BEGIN

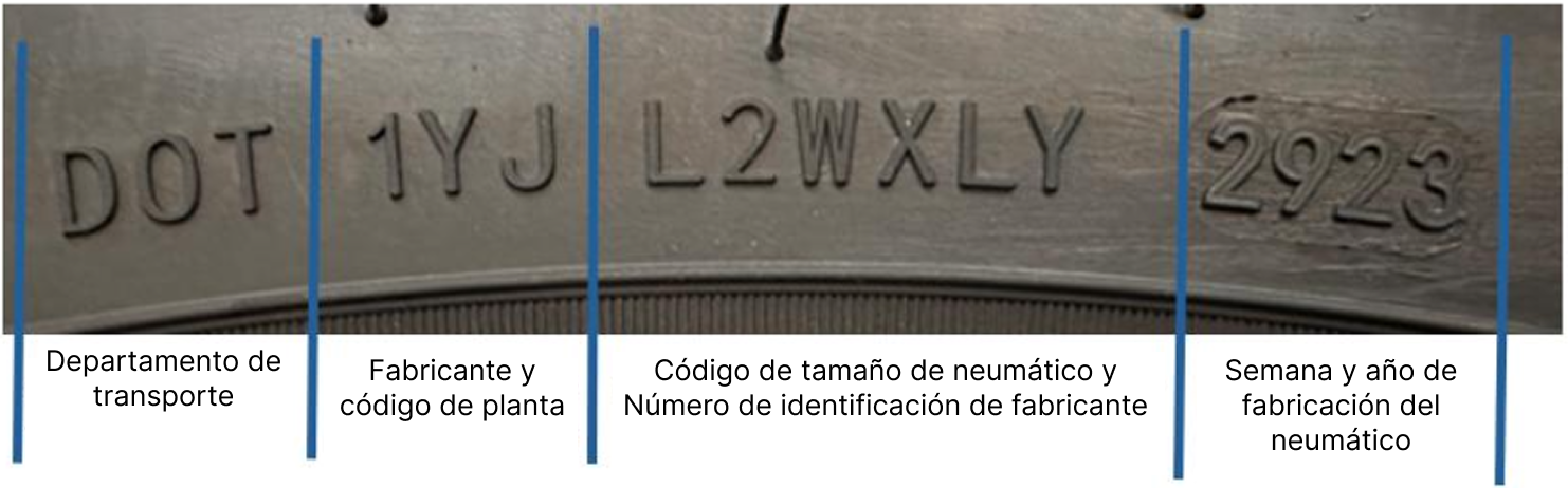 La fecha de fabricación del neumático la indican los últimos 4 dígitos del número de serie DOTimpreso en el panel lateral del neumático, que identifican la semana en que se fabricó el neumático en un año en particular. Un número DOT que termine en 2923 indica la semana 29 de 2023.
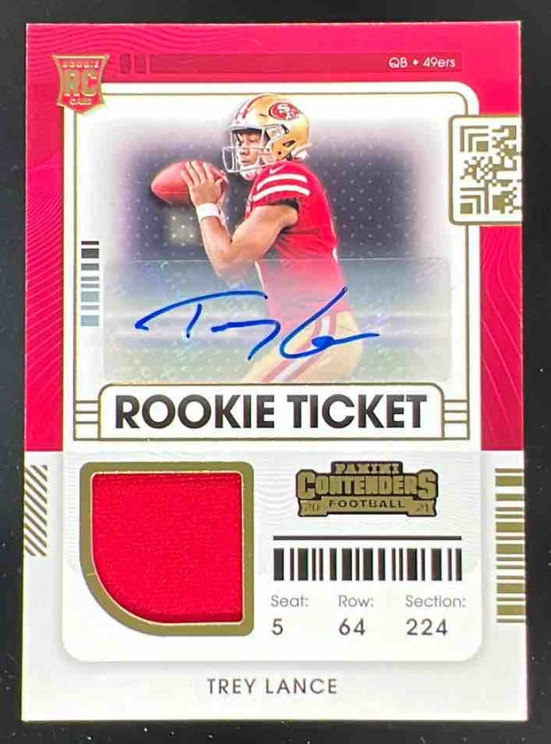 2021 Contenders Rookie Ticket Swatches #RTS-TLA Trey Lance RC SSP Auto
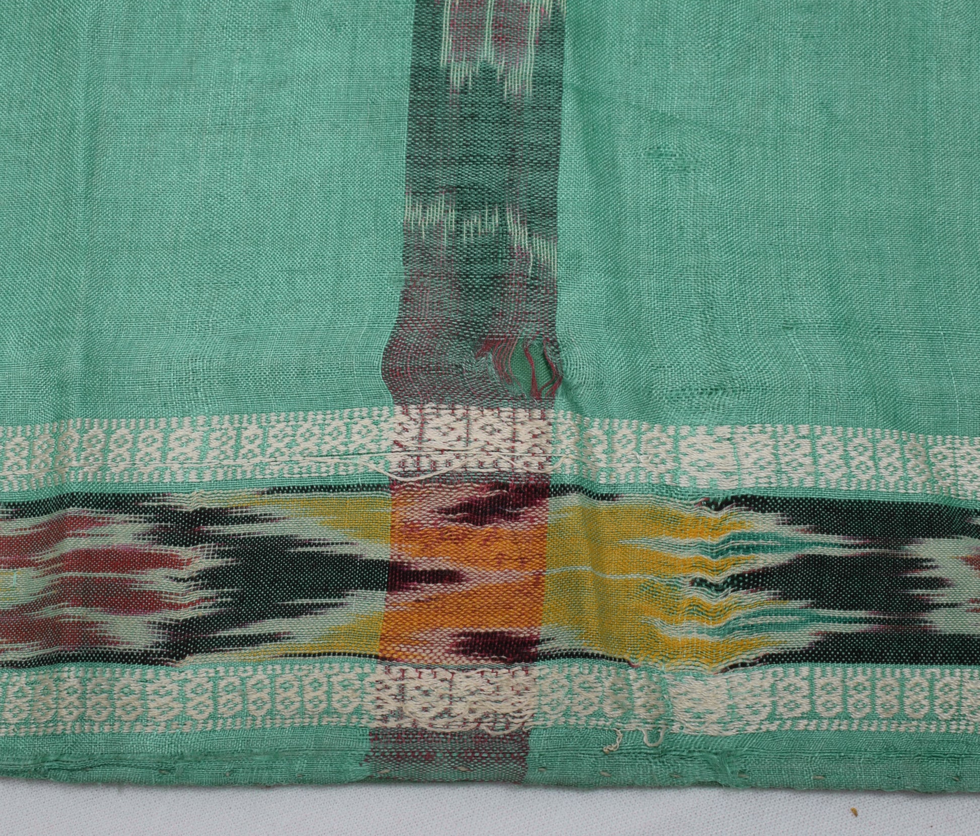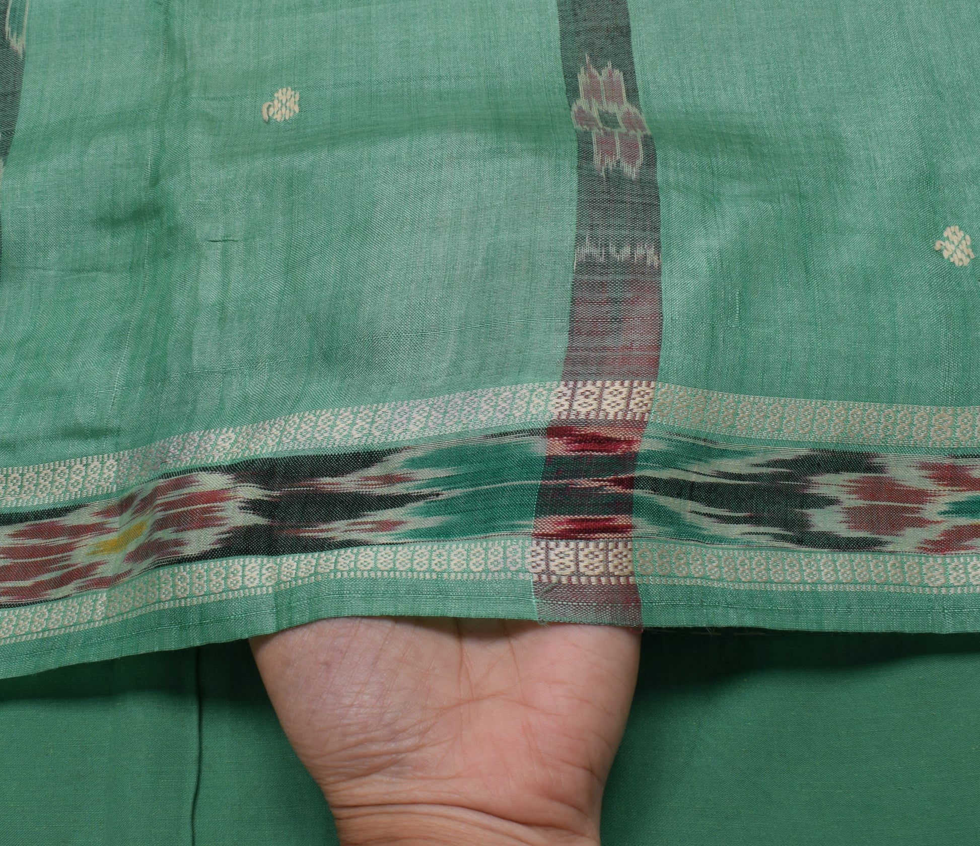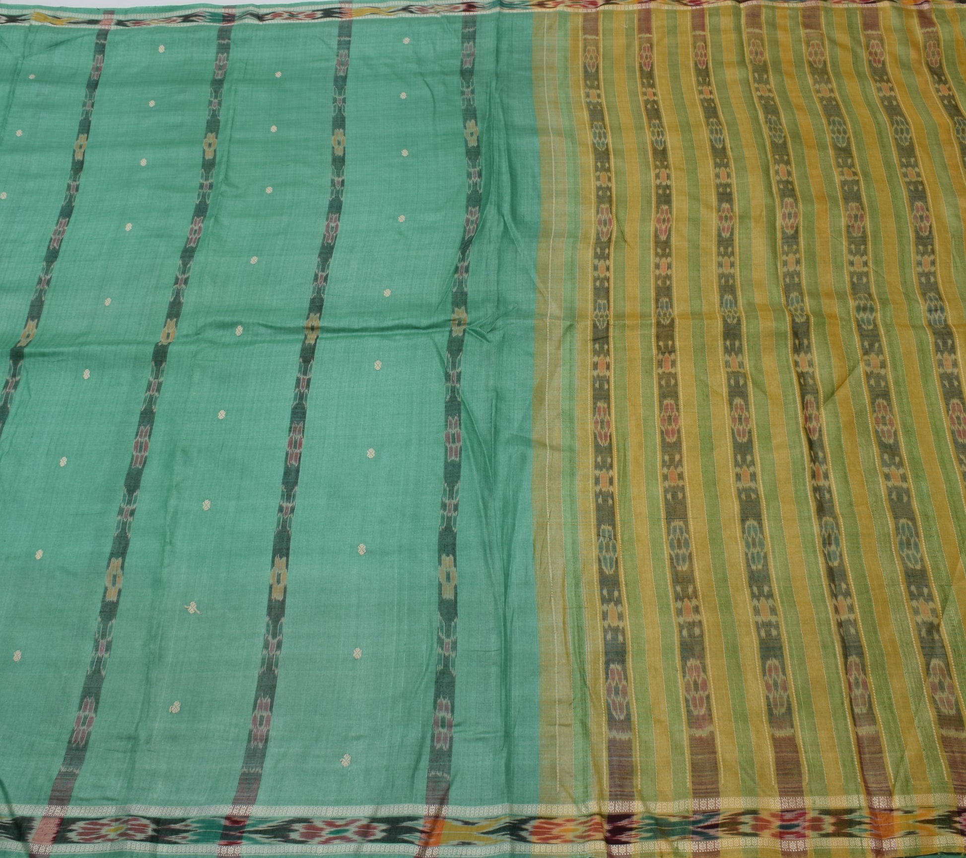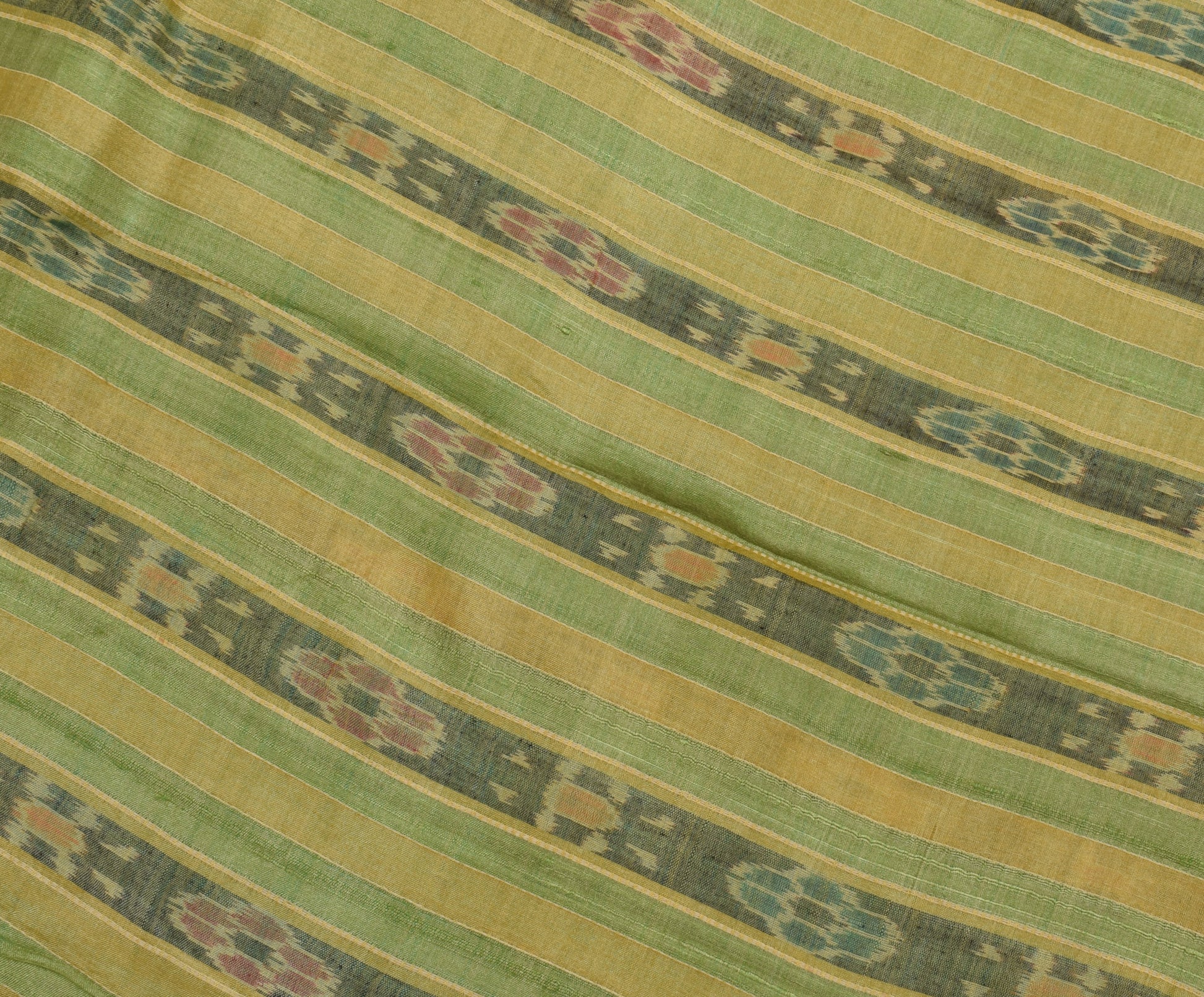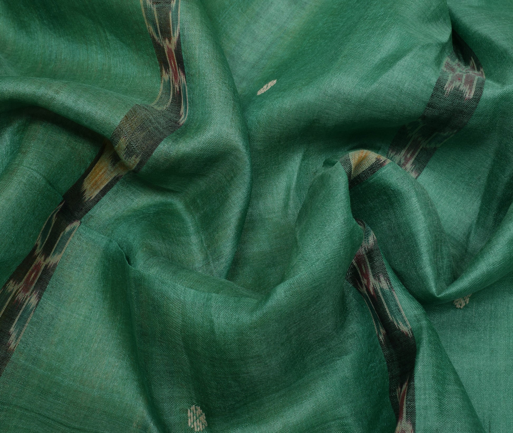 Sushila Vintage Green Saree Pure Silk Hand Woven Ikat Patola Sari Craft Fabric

END
BEGIN

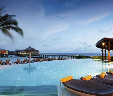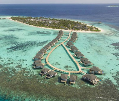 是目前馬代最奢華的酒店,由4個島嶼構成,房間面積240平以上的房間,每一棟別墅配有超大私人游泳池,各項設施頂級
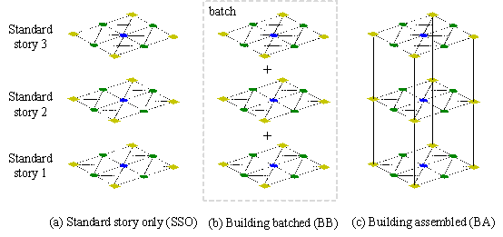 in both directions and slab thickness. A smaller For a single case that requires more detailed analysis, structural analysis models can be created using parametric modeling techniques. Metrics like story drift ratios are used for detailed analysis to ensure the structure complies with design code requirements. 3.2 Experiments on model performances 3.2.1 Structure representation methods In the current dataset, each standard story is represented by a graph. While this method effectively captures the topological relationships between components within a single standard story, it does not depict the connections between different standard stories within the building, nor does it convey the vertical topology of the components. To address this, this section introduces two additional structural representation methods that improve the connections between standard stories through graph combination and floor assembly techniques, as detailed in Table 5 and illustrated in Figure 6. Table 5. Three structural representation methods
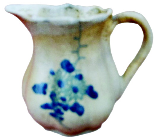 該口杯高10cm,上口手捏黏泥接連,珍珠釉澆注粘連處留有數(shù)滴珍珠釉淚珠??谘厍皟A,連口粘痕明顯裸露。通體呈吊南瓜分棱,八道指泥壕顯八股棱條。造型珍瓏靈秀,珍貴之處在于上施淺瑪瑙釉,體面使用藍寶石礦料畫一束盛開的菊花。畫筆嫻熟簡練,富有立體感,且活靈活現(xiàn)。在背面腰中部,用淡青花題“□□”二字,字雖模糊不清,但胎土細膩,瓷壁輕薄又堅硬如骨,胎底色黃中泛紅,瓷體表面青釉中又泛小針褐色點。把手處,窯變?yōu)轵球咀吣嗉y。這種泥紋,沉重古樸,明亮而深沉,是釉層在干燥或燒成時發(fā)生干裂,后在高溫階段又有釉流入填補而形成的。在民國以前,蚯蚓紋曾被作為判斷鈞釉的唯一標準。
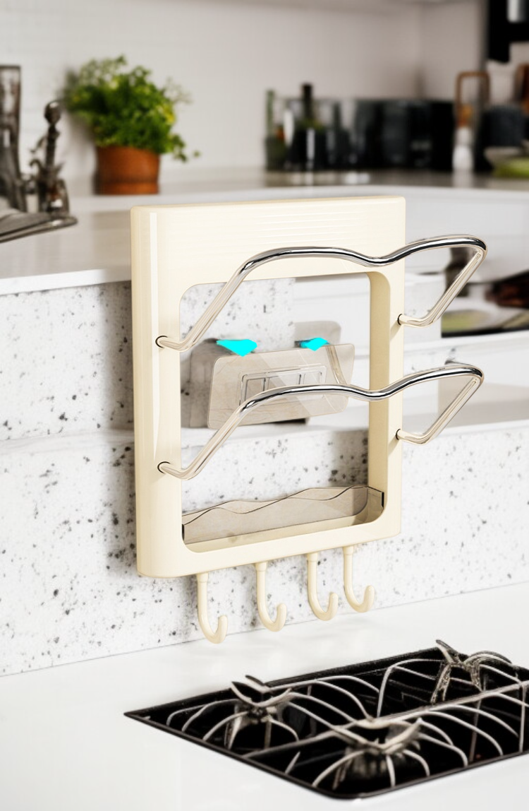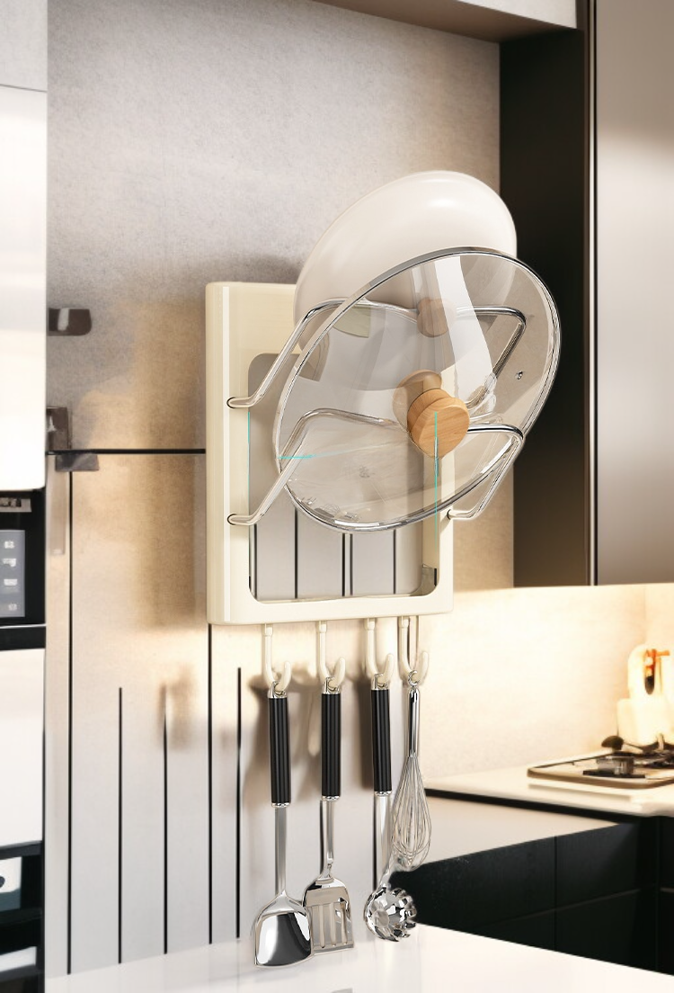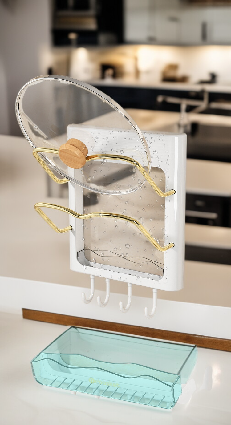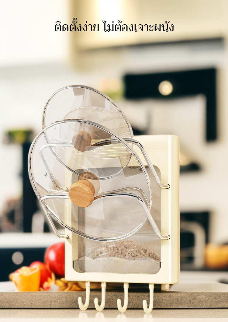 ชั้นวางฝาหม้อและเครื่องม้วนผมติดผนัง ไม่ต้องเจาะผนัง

END
BEGIN

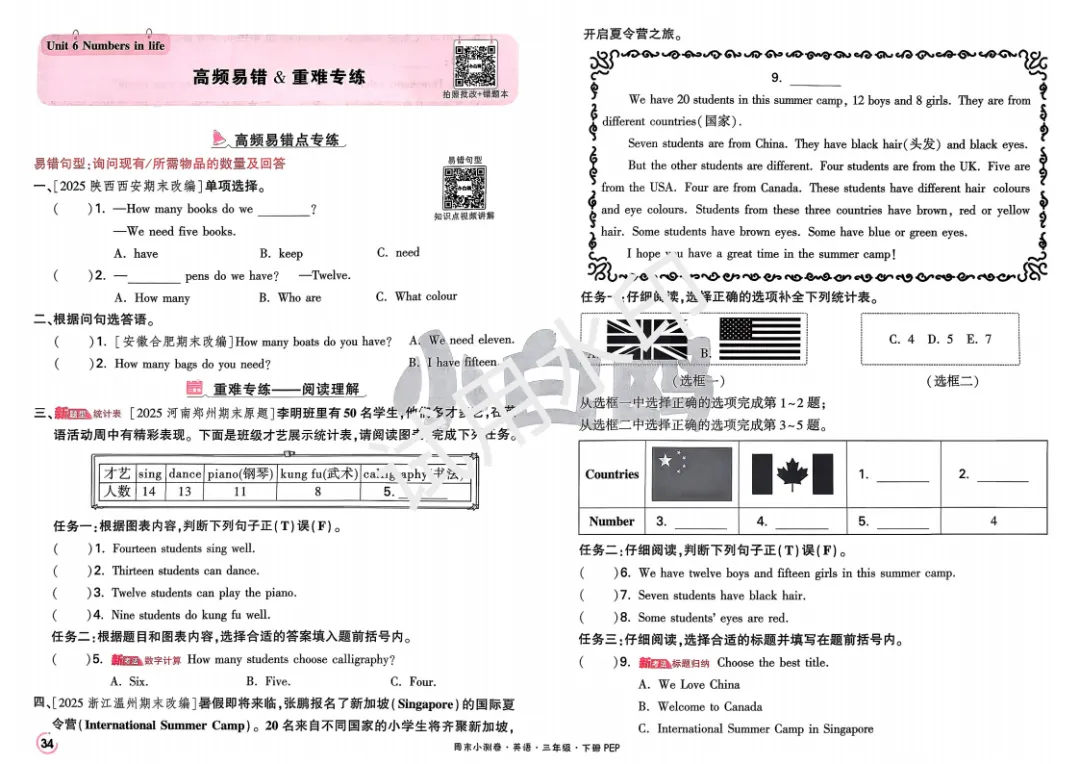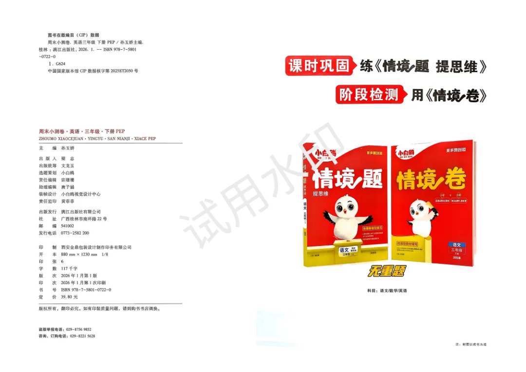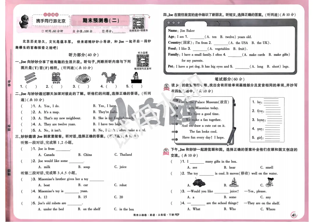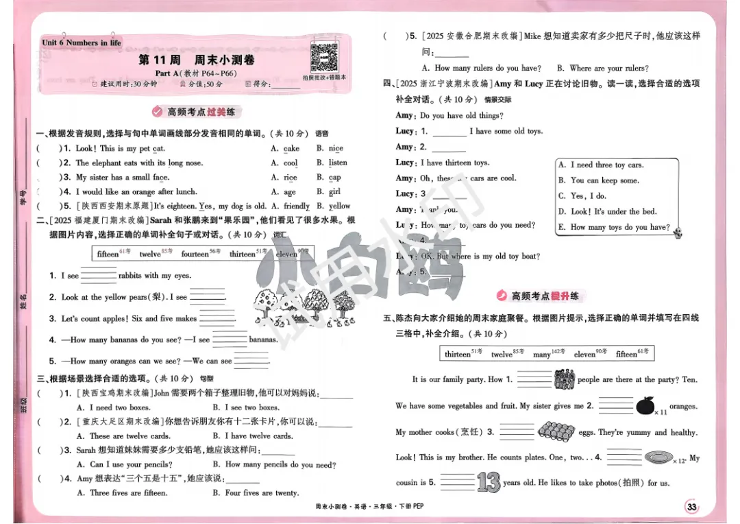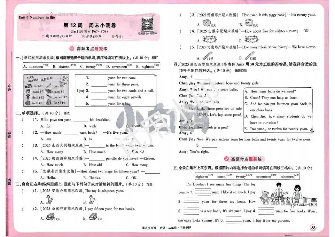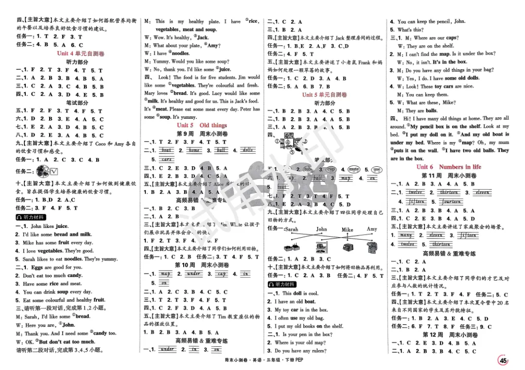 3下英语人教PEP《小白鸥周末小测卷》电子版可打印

END

_WHAT NEEDS TO BE DONE_: Your reply should hold nothing but the lines above, from the one containing "La fecha de" to the one containing "Sushila Vintage Green", reproduced exactly minus the pictures.

_ANSWER SECTION_:
 La fecha de fabricación del neumático la indican los últimos 4 dígitos del número de serie DOTimpreso en el panel lateral del neumático, que identifican la semana en que se fabricó el neumático en un año en particular. Un número DOT que termine en 2923 indica la semana 29 de 2023.
 2021 Contenders Rookie Ticket Swatches #RTS-TLA Trey Lance RC SSP Auto
 Sushila Vintage Green Saree Pure Silk Hand Woven Ikat Patola Sari Craft Fabric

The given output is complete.